In awarding the contract for work to be paid for from public funds, bids of contractors who have satisfactorily performed prior public contracts, and who have paid state and county taxes within the state for not less than two successive years immediately prior to submitting a bid on a plant and equipment such as is ordinarily required for performance of the contract for which the bid is submitted, or on other real or personal property in the state equivalent in value to such plant, shall be deemed a better bid than the bid of a competing contractor who has not paid such taxes, whenever the bid of the competing contractor is less than five per cent lower, and the contractor making a bid, as provided by this section, which is deemed the better bid, shall be awarded the contract.

The City reasons that the application of the Arizona taxpayers preference statute is nullified by the involvement of federal funds under the provisions of ARS § 34-244 (1974):

A. If any provision or condition of this article or §§ 34-301, 34-302 or § 38-481 conflicts with any provision of federal law or any rule or regulation made under federal law pertaining to federal aid contracts, such provision or condition shall not apply on federal aid contracts to the extent that conflict exist, but all provisions or conditions of sections with which there is no conflict shall apply to federal aid contracts.
B. The state and its political subdivisions shall, when federal law, rules or regulations permit, enter into and perform any contract subject to the provisions or conditions of this article and §§ 34-301, 34-302 and § 38-481, and the state and its political subdivisions shall obligate from such funds the amount that the representatives of the federal government require to be deducted from the federal aid funds allotted to the contract by reason of the application of the provisions and conditions of such sections. [emphasis added]

It is the City's contention that since the federal aid contract governing the construction project required the City to award the contract "to the lowest responsible bidder" federal law was in direct conflict with the Arizona preference statute and therefore under the provisions of § 34-244(A) the preference statute was superseded. To accept such a restricted reading of § 34-244 would imply that in all situations where federal funds were involved the taxpayers preference statute would be inapplicable as in direct conflict with federal law. Since a great many public contracts involve federal funding in some respect, this would virtually result in the actual repeal of the preference statute.

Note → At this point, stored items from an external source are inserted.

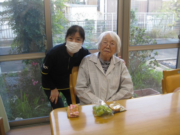 お菓子と果物をお持ちくださりました。おやつに美味しくいただきました。
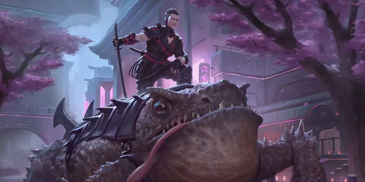Introducido en Kamigawa: Neon Dynasties, Tatsunari era un ladrón callejero de poca monta que se obsesionó con la magia de los kami tras intentar robar a un monje. Ningún espíritu quería trabajar con él, así que levantó un sapo de un canal para que se convirtiera en su enorme montura.
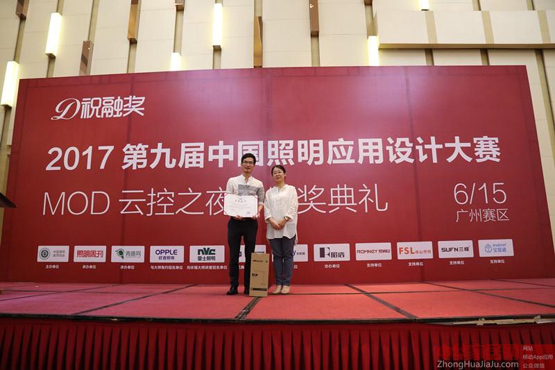 由MOD云控冠名的MOD云控之夜•頒獎典禮,MOD云控照明聯合創始人余從剛致辭對來賓們表示感謝。祝融獎賽事得到廣大設計師的關注和熱情參與,2017年廣州賽區一等獎由廣州厚華設計工程有限公司創始人、總設計師的《成都綠地之窗》榮摘桂冠。
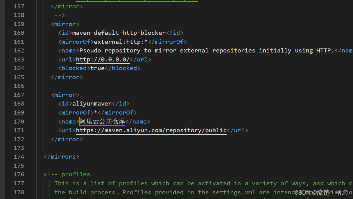 <mirror> <id>aliyunmaven</id> <mirrorOf>*</mirrorOf> <name>阿里云公共仓库</name> <url>https://maven.aliyun.com/repository/public</url> </mirror>
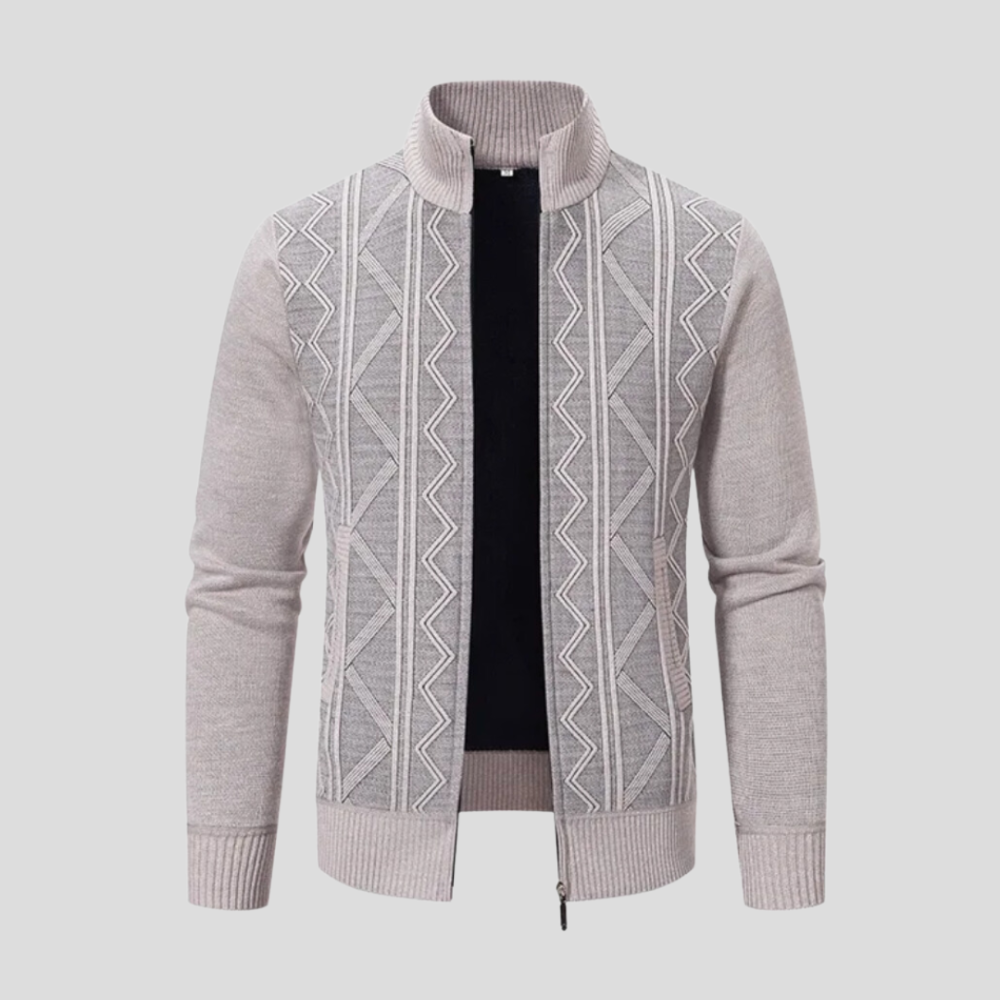 Discover Ethan, the high-quality wool cardigan that combines softness, warmth, and timeless style. With its refined geometric pattern and meticulous finishes, it becomes a must-have to face cool days with elegance.

Assuming that federal regulations require that construction contracts be awarded to the lowest bidder where federal funds are involved, a direct conflict with Arizona taxpayers preference statute can be avoided by calculating the amount of participating federal funds on the basis of the lowest responsible bid submitted, with the local government making up the contract difference.

A close reading of § 34-244(B) seems to dictate this result. This section provides that where federal funds are involved in conjunction with the state preference statute, and where federal law requires, the *484 state shall obligate from its funds the additional amount awarded on the contract by reason of the preference statute.

We conclude, therefore, that there is no inherent conflict between federal funding and the Arizona preference statute and absent an express federal prohibition against application of taxpayer preference statutes to federally funded contracts § 34-241(B) should be given its full application.

The judgment of the trial court is reversed.

DONOFRIO, P.J., and NELSON, J., concur.

NOTES

[1] Rules of Procedure of Special Actions, 17A, ARS.